> _Try it_
What you return must match the listing below character for character, minus any pictures.

> _Data segment_
——————————

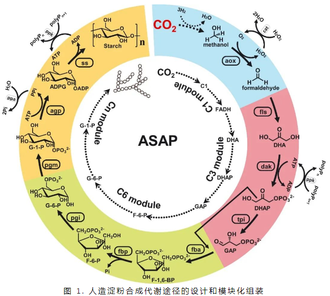 淀粉是“粥饭”中最主要的碳水化合物,是面粉、大米、玉米等粮食的主要成分,也是重要的工业原料。目前主要由玉米等作物通过光合作用固定二氧化碳产生。这个过程涉及大约60个生化反应以及复杂的生理调控。该工艺的理论能量转换效率仅为2%左右。
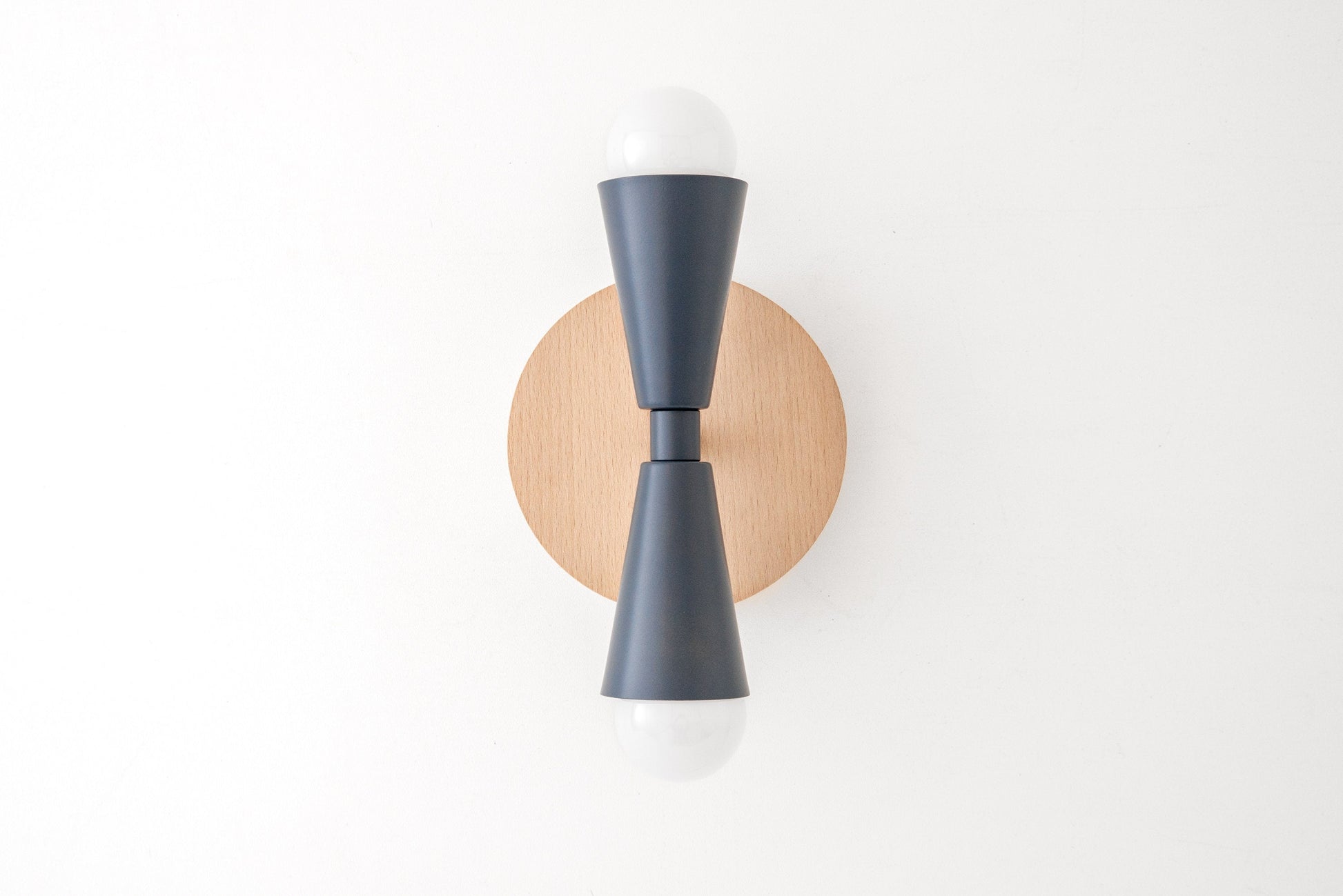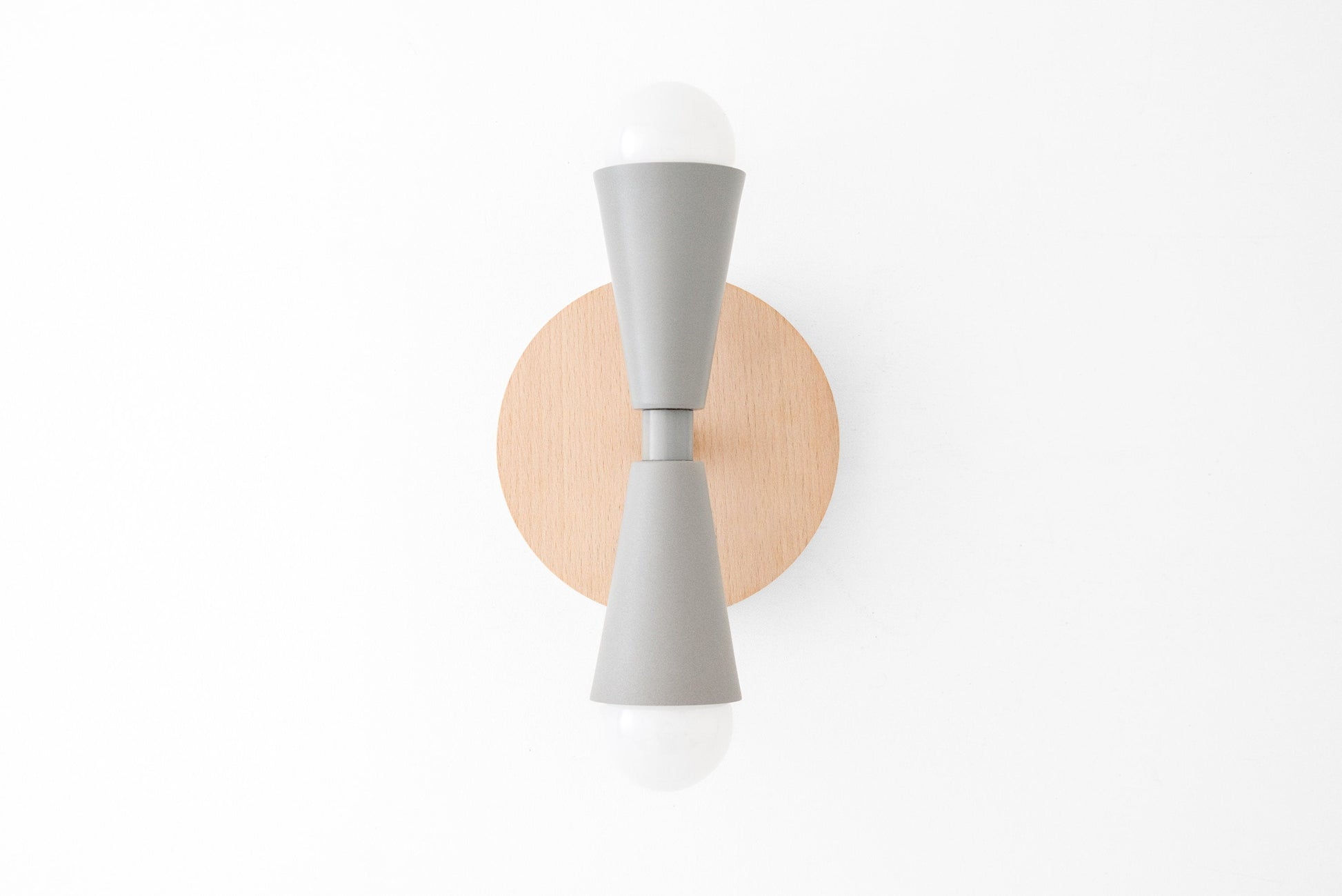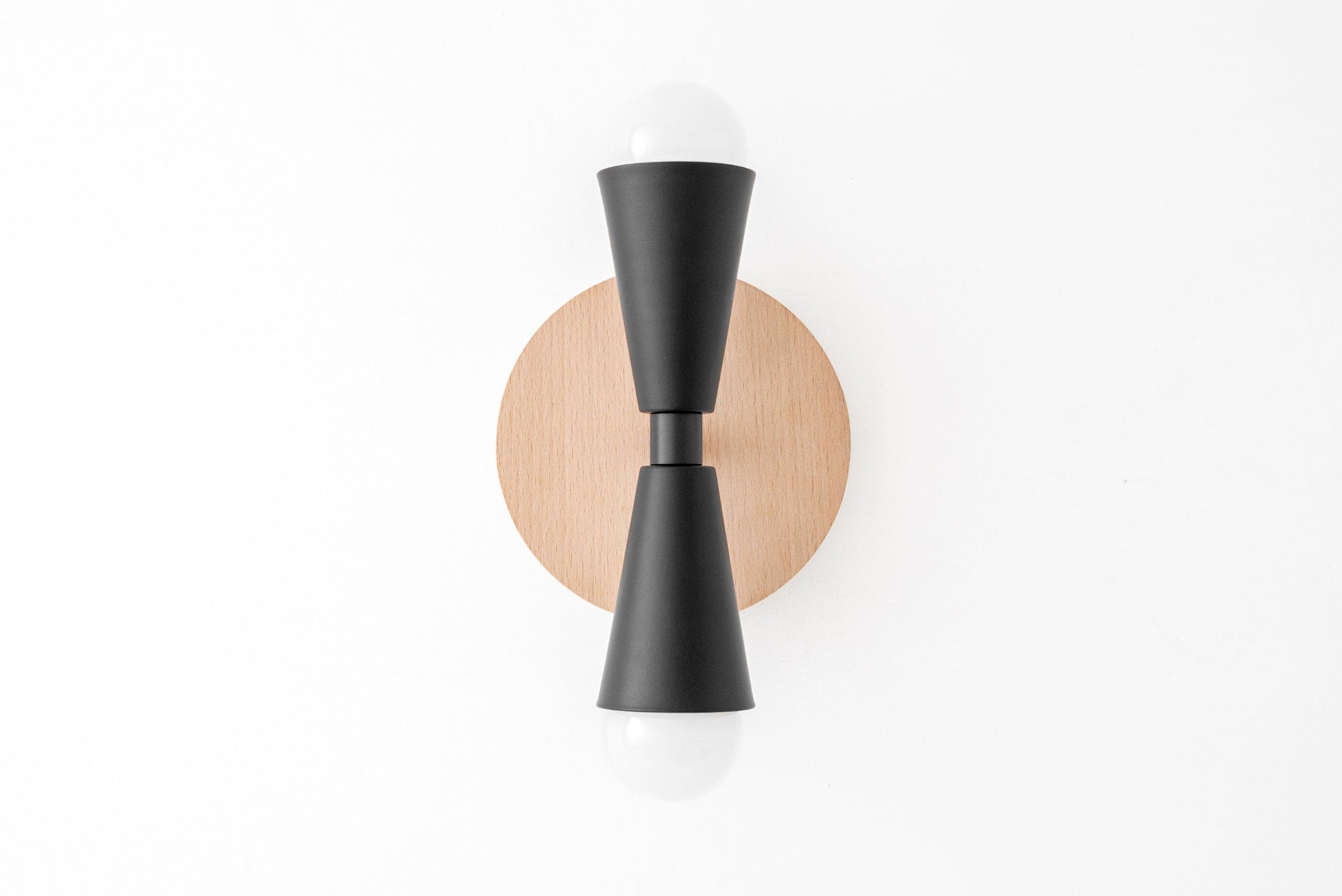 This minimalist wall sconce features a natural light beechwood canopy backplate.
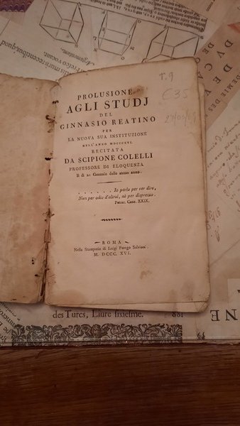 Prolusione agli studj del ginnasio reatino per la sua nuova istituzione nell'anno MDCCCXVI
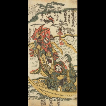 「江戸紫根元曾我 初代市村亀蔵のわたし守京の次郎と二代目瀬川菊之丞の狂女みだれがみのおせん」 鳥居清満 (1761年)

——————————

> _Reply to the exercise_
 淀粉是“粥饭”中最主要的碳水化合物,是面粉、大米、玉米等粮食的主要成分,也是重要的工业原料。目前主要由玉米等作物通过光合作用固定二氧化碳产生。这个过程涉及大约60个生化反应以及复杂的生理调控。该工艺的理论能量转换效率仅为2%左右。
 This minimalist wall sconce features a natural light beechwood canopy backplate.
 Prolusione agli studj del ginnasio reatino per la sua nuova istituzione nell'anno MDCCCXVI
 「江戸紫根元曾我 初代市村亀蔵のわたし守京の次郎と二代目瀬川菊之丞の狂女みだれがみのおせん」 鳥居清満 (1761年)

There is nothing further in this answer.